To obtain sICAM-1, Chinese hamster ovarian cells transfected with human ICAM-1 were lysed and centrifuged at 150,000 g for 1 hour; the supernatant was passed over an ICAM-1 affinity column, eluted with 0.1 mmol/L glycine HCl, and concentrated with dialysis filter. Human PMNs (2.5 x 10(5)) were saturated with specific monoclonal antibodies for the beta 2 subunits (CD11a, CD11b, CD18) or nonspecific monoclonal antibodies for 30 minutes on ice before a 1-hour incubation with sICAM-1 (75 ng/ml) at 37 degrees C. Elastase activity was measured by the cleavage of n-methoxysuccinyl-A-A-P-V-p-nitroanilide.
Neutrophil incubation with sICAM-1 resulted in 19.2% +/- 2.8% of total PMN elastase, compared with 2.4% +/- 0.5% in the controls. Blockade of CD18 abrogated sICAM-1 provoked elastase release with monoclonal antibodies to CD18 (TS1/18, 31H8) resulting in 4.3% +/- 1.0% and 5.5% +/- 1.4% elastase release, respectively. Blockade of CD11a, CD11b, and nonspecific antibody controls had no effect on sICAM-1 induced elastase release.

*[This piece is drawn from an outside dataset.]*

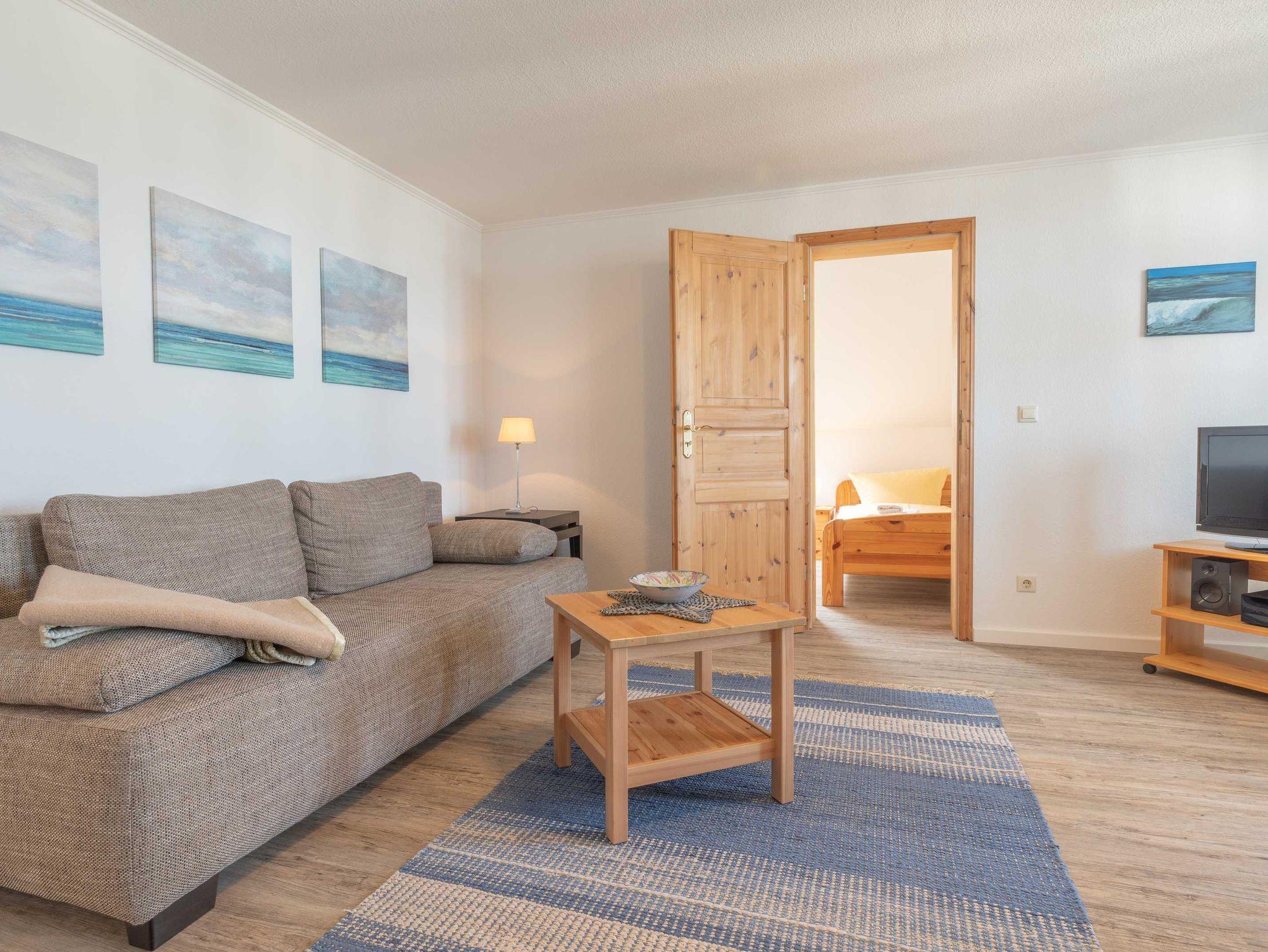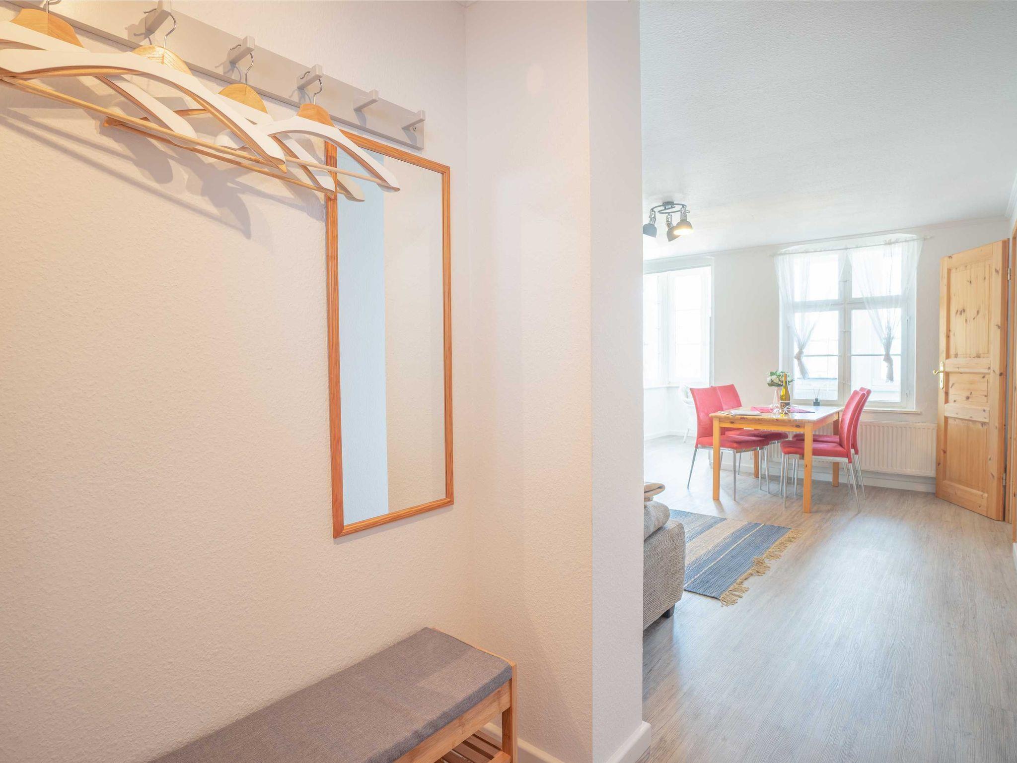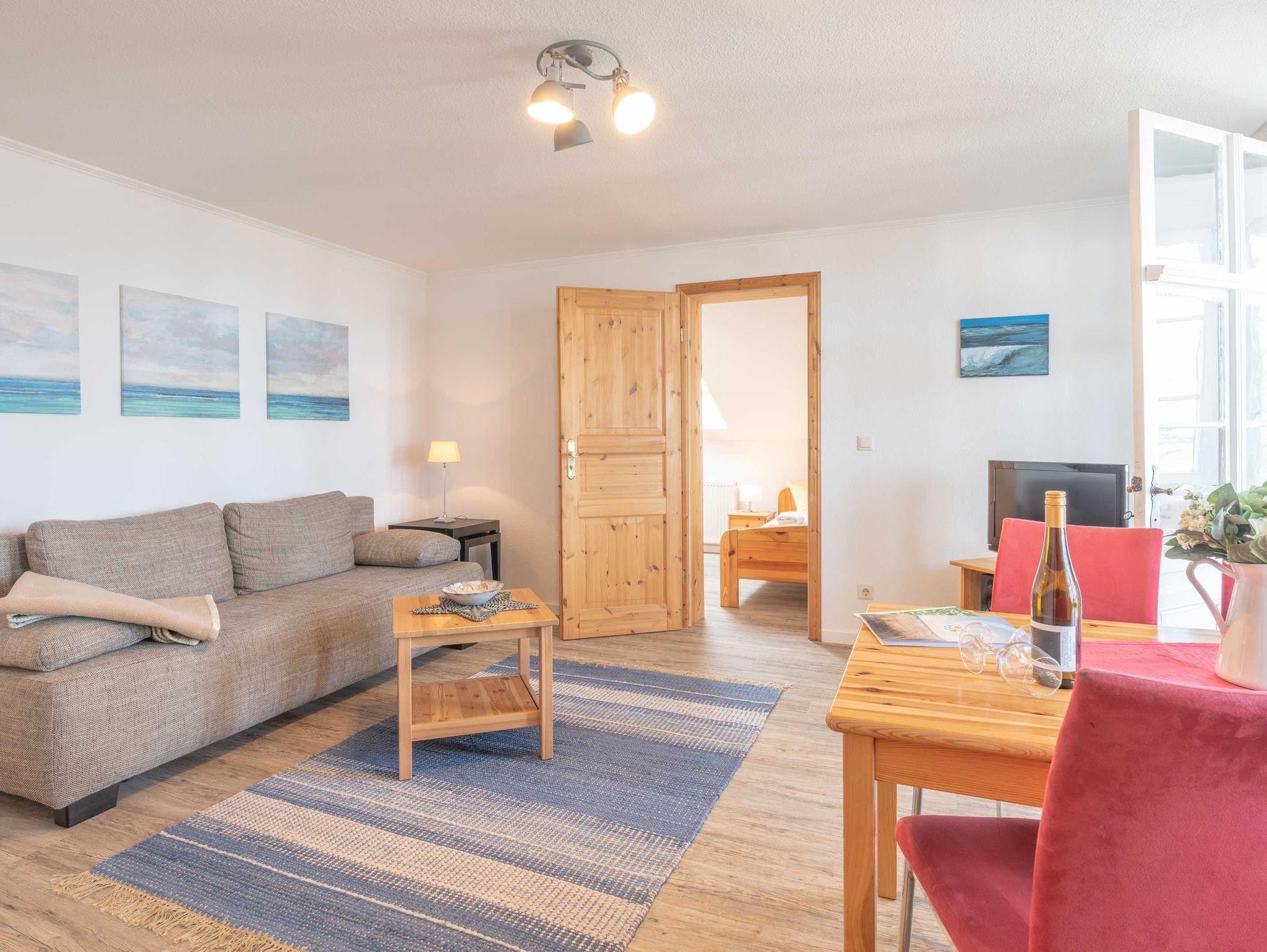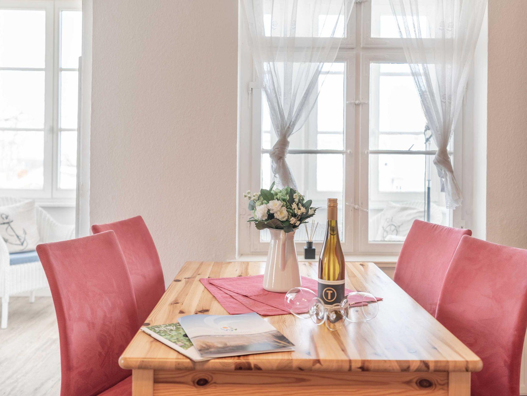Die 45 qm große Ferienwohnung 3 für bis zu 4 Personen befindet sich im Dachgeschoss zur Seeseite hin. Die verglaste Veranda (Wintergarten), liegt in Nordostrichtung mit Blick auf die Ostsee und lädt zum Schmökern und Relaxen ein. Das Schlafzimmer verfügt über ein 180 cm breites Doppelbett, ergänzt um ein ausziehbares Schlafsofa (140 cm) im Wohnzimmer. Die funktionale Küche ist komplett ausgestattet. Ideal ist die Ferienwohnung für zwei Personen oder eine dreiköpfige Familie.

In vitro, sICAM-1 provokes PMN elastase release through CD18. This may represent a mechanism by which elevated levels of circulating sICAM-1, released from local injury sites, provoke distal organ dysfunction.
可溶性细胞间黏附分子-1(sICAM-1)水平升高与损伤后多器官功能衰竭的发生相关。已知多种炎症刺激可诱导内皮细胞和单核细胞分泌可溶性ICAM-1。我们发现,将静止的多形核白细胞(PMN)与sICAM-1孵育可引发弹性蛋白酶释放,最近还发现,PMN上的CD18受体交联也会产生弹性蛋白酶释放。因此,我们的研究假设是,sICAM-1通过与CD18相互作用引发PMN弹性蛋白酶释放。
为获得sICAM-1,将转染了人ICAM-1的中国仓鼠卵巢细胞裂解,并在150,000 g下离心1小时;将上清液通过ICAM-1亲和柱,用0.1 mmol/L甘氨酸盐酸盐洗脱,并用透析滤器浓缩。人PMN(2.5×10⁵)在冰上用针对β2亚基(CD11a、CD11b、CD18)的特异性单克隆抗体或非特异性单克隆抗体饱和30分钟,然后在37℃下与sICAM-1(75 ng/ml)孵育1小时。通过裂解n-甲氧基琥珀酰-A-A-P-V-对硝基苯胺来测量弹性蛋白酶活性。
与对照组的2.4%±0.5%相比,PMN与sICAM-1孵育导致总PMN弹性蛋白酶释放19.2%±2.8%。用针对CD18的单克隆抗体(TS1/18、31H8)阻断CD18可消除sICAM-1引发的弹性蛋白酶释放,分别导致弹性蛋白酶释放4.3%±1.0%和5.5%±1.4%。阻断CD11a、CD11b和非特异性抗体对照对sICAM-1诱导的弹性蛋白酶释放无影响。
在体外,sICAM-1通过CD18引发PMN弹性蛋白酶释放。这可能代表了一种机制,通过该机制,从局部损伤部位释放的循环sICAM-1水平升高会引发远端器官功能障碍。